Timberline Magazine Feature

||Timberline Magazine Feature

Tuscarora Wood Midwest, LLC Takes a Customized Approach to Wood Reclamation

Tuscarora is featured this month in the special Lumber Drying issue of Timberline Magazine! Last year we shared news of our new kiln upgrade and the reasons kiln drying is an important part of the reclaimed lumber process (read the original post here). Timberline Magazine reached out to us wanting to share a little more for their special Lumber Drying issue. The article turned out great and here are a few excerpts from that piece:

“The home base for Tuscarora Wood Midwest is Covington, Ohio, a town of approximately 2,600 in Miami County. Covington is part of the metropolitan Dayton area. All grading of wood is done visually. And all wood is sold unfinished. Oak predominates among the wood species coming from barns. “We are heavy on oak,” said Rod. But hickory, beech, elm and maple are also in the mix. “We work with hardwoods.”

“A custom project often begins with a prospective customer visiting the company’s showroom. That’s where someone considering custom flooring – or another building component – made from repurposed wood can get a firsthand and three-dimensional view of the possibilities. “We are not a production shop,” said Rod. “Our focus is not on production as much as custom.” Making the most of wood fiber extends to remnants. “Every product and byproduct has a home,” said Rod. Sawdust, for instance, is sold to a local farm retailer that then sells it for livestock bedding. And scraps are used to fuel a boiler that heats the under-roof facility in winter.”

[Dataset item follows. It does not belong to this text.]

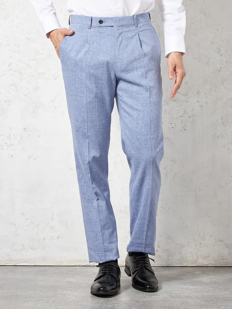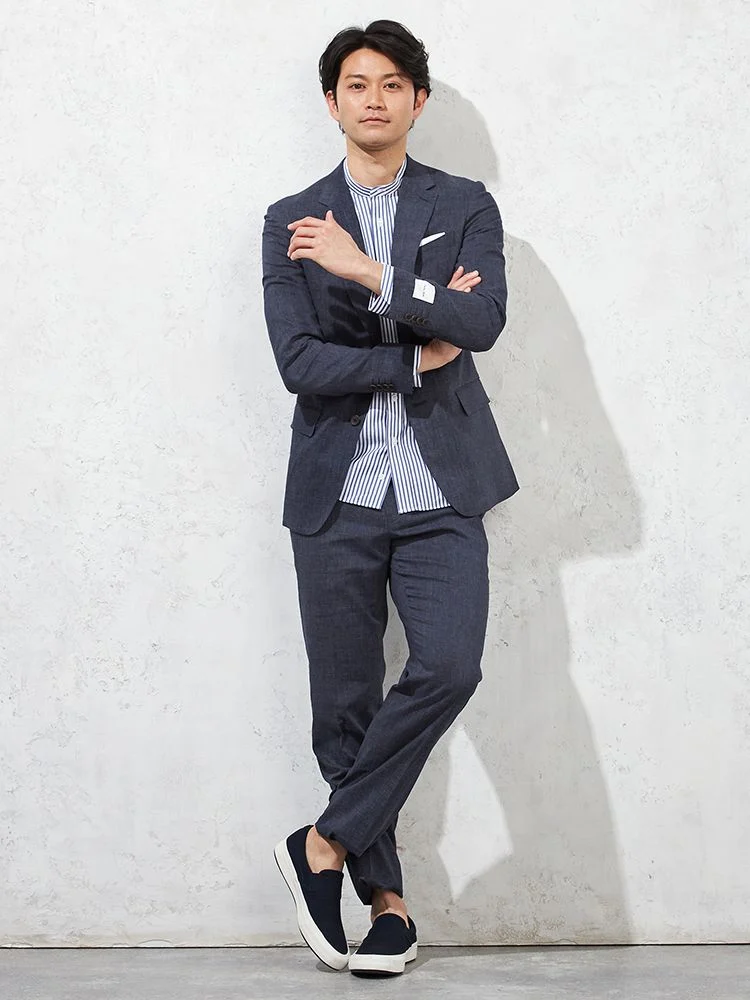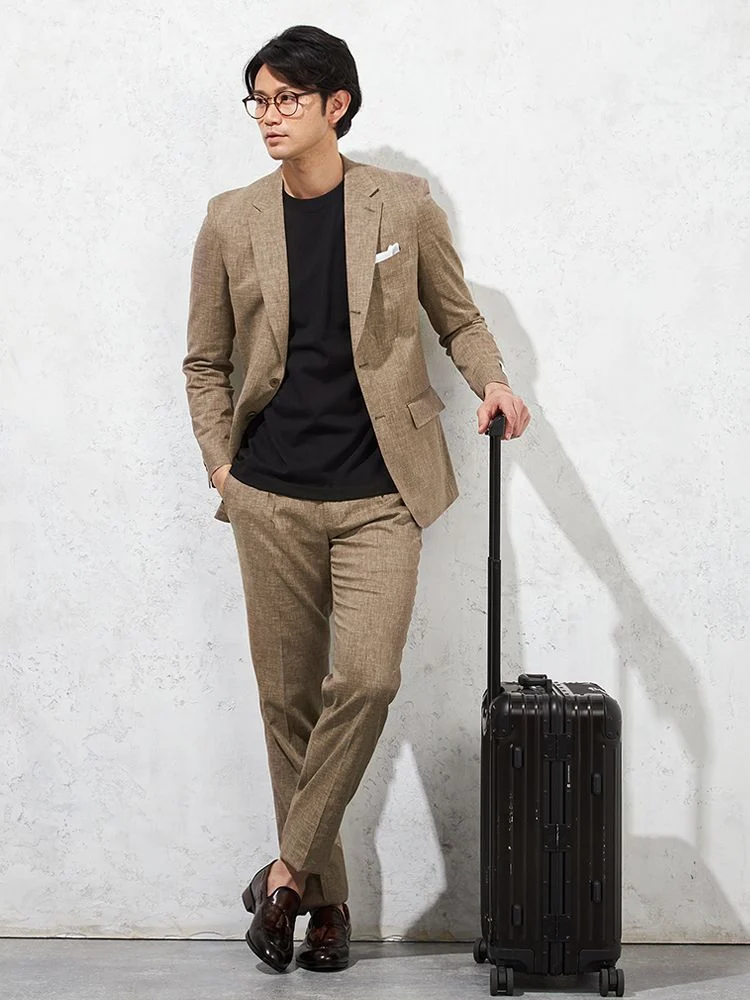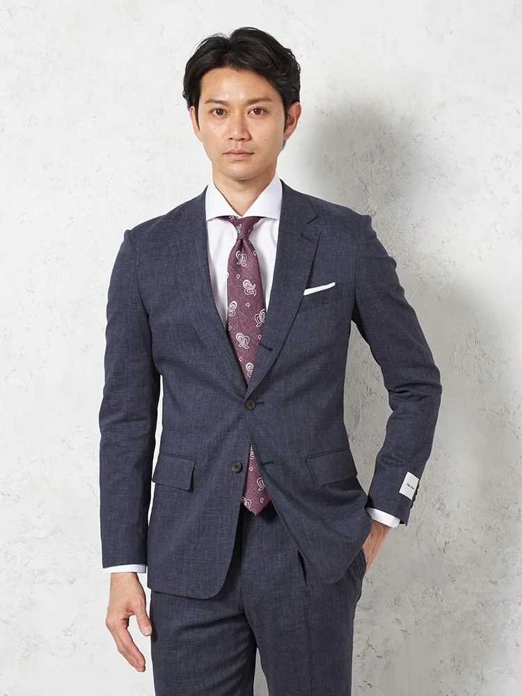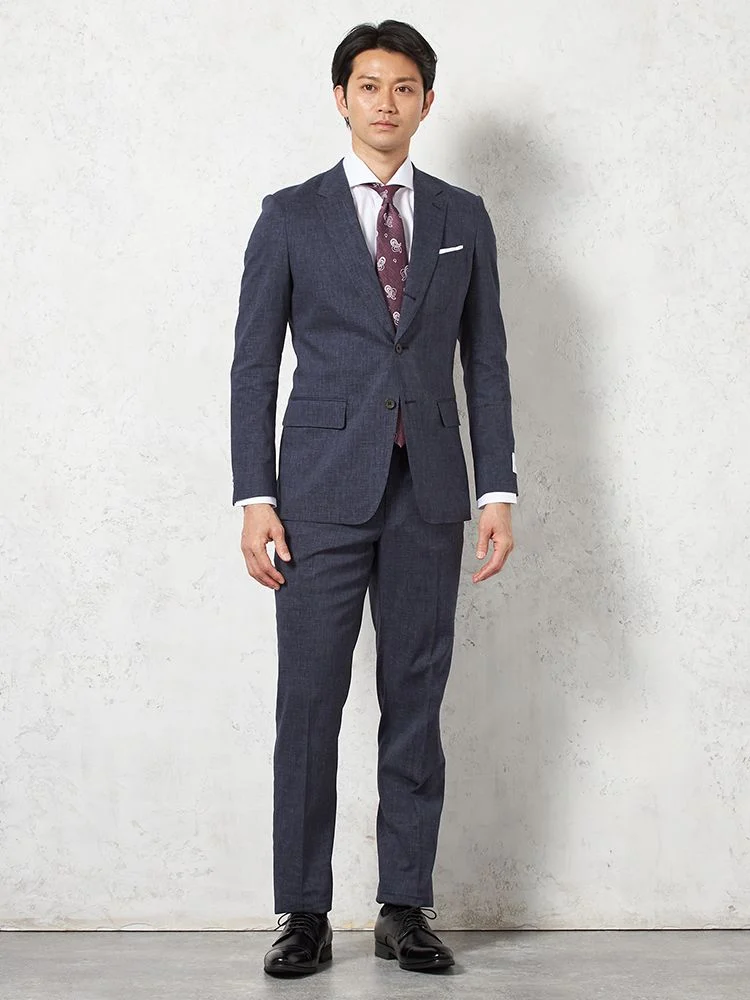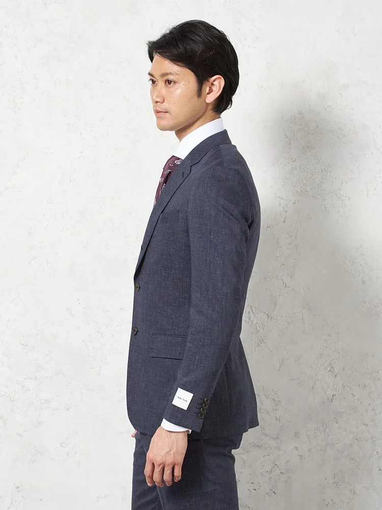 尾州産リネン混ストレッチ素材を使用した、ライトフィール仕立てのスーツです。

“In the summer of 2017, the company made an important addition to his equipment roster, a 9000 bf kiln from Kiln-direct headquartered in Burgaw, NC. The Kiln-direct small standard lumber kiln has a bi-fold door. The Kiln-direct small standard kiln is used to dry all 4/4 and 8/4 lumber to between six and eight percent moisture. It is also used to heat-treat wood to kill insects. The kiln from Kiln-direct uses propane as a fuel source. “We would use natural gas, but we are in a rural setting,” explained Rod.”